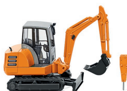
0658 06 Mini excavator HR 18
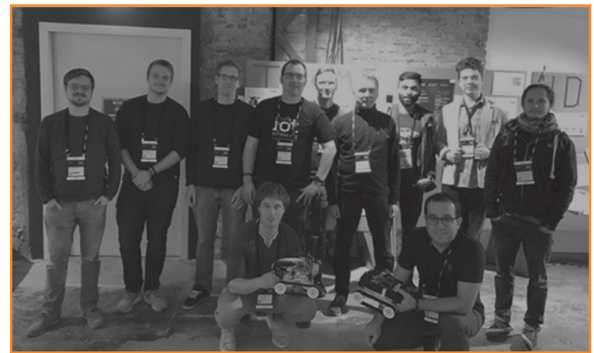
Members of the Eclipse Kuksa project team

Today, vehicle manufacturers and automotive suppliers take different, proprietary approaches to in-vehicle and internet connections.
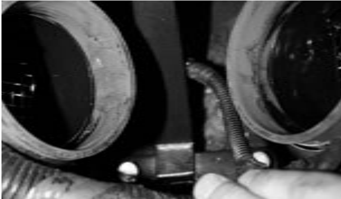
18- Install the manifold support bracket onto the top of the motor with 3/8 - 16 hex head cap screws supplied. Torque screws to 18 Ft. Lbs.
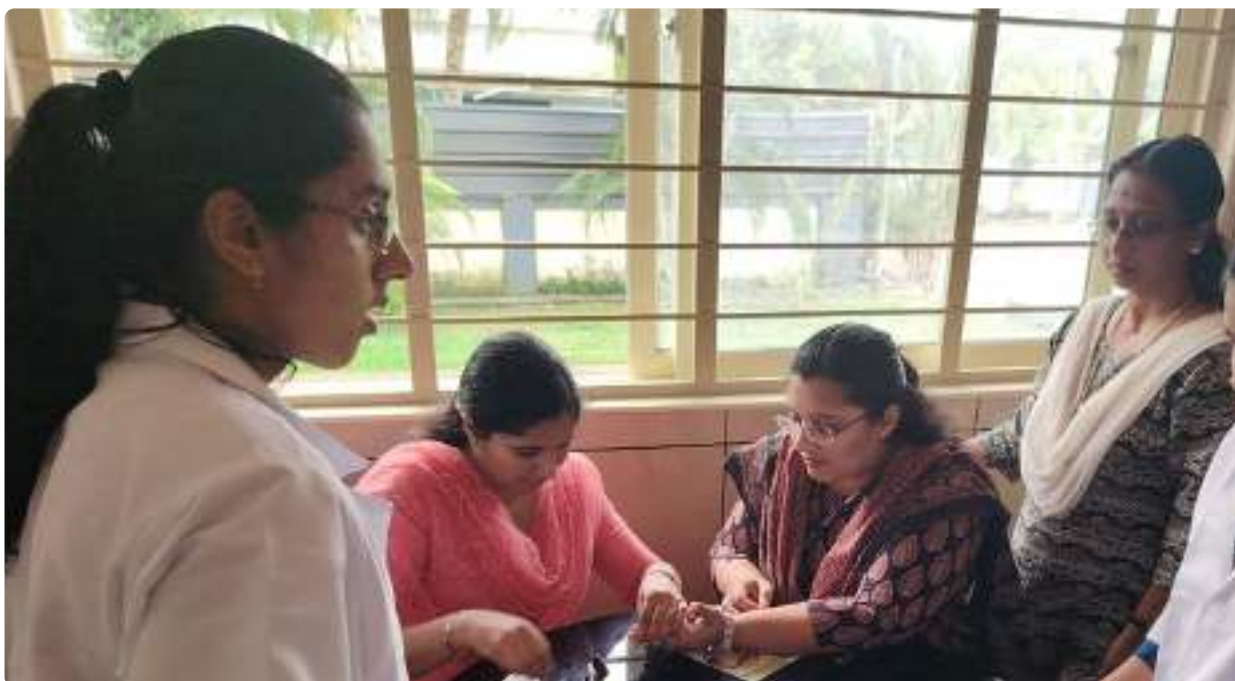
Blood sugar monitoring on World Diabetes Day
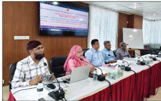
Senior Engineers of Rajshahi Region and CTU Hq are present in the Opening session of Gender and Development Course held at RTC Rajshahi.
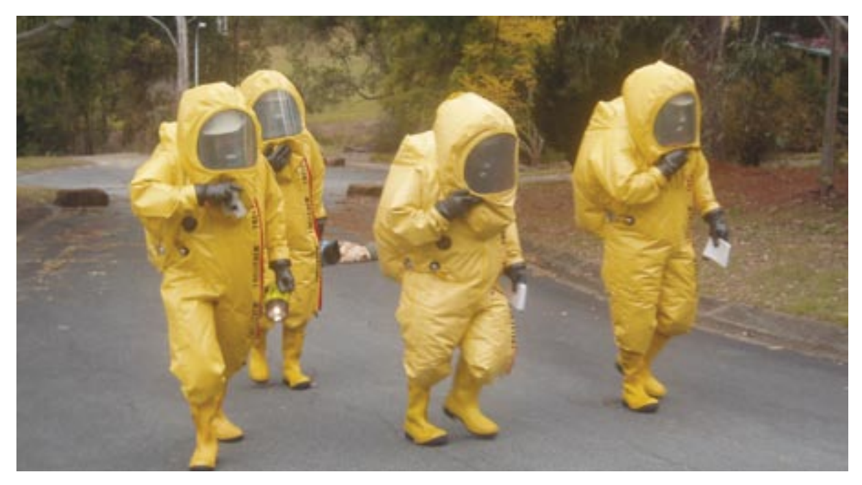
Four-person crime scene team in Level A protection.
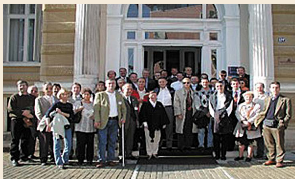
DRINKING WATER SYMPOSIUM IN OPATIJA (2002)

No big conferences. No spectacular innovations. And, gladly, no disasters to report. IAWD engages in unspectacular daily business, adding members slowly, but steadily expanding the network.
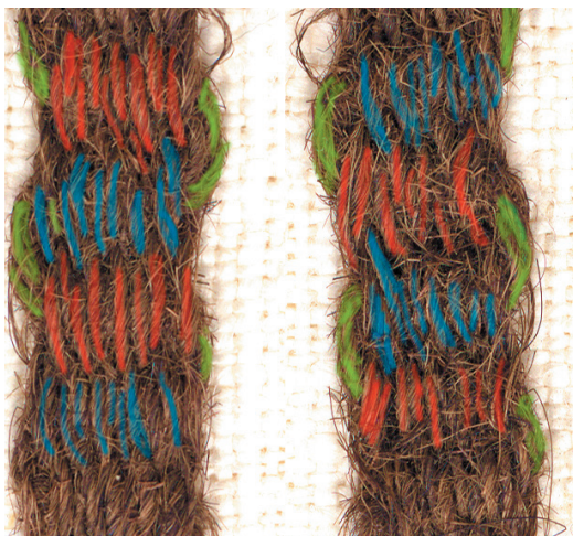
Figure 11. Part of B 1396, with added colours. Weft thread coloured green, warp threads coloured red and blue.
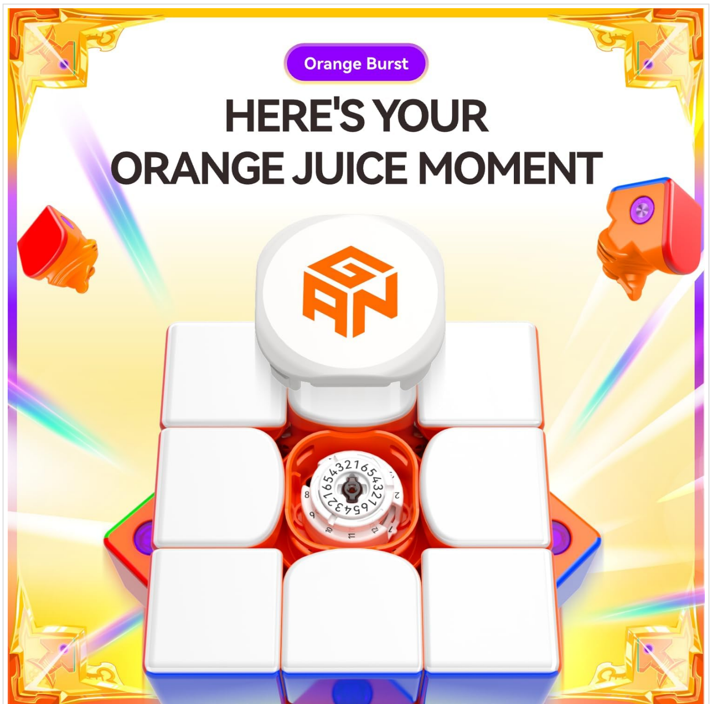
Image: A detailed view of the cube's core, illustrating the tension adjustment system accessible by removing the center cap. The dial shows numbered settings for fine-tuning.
# # # # # # #
### REQUIRED WORK
Each line above that has the word "with" should be copied.

### ANSWER SPACE
18- Install the manifold support bracket onto the top of the motor with 3/8 - 16 hex head cap screws supplied. Torque screws to 18 Ft. Lbs.
Figure 11. Part of B 1396, with added colours. Weft thread coloured green, warp threads coloured red and blue.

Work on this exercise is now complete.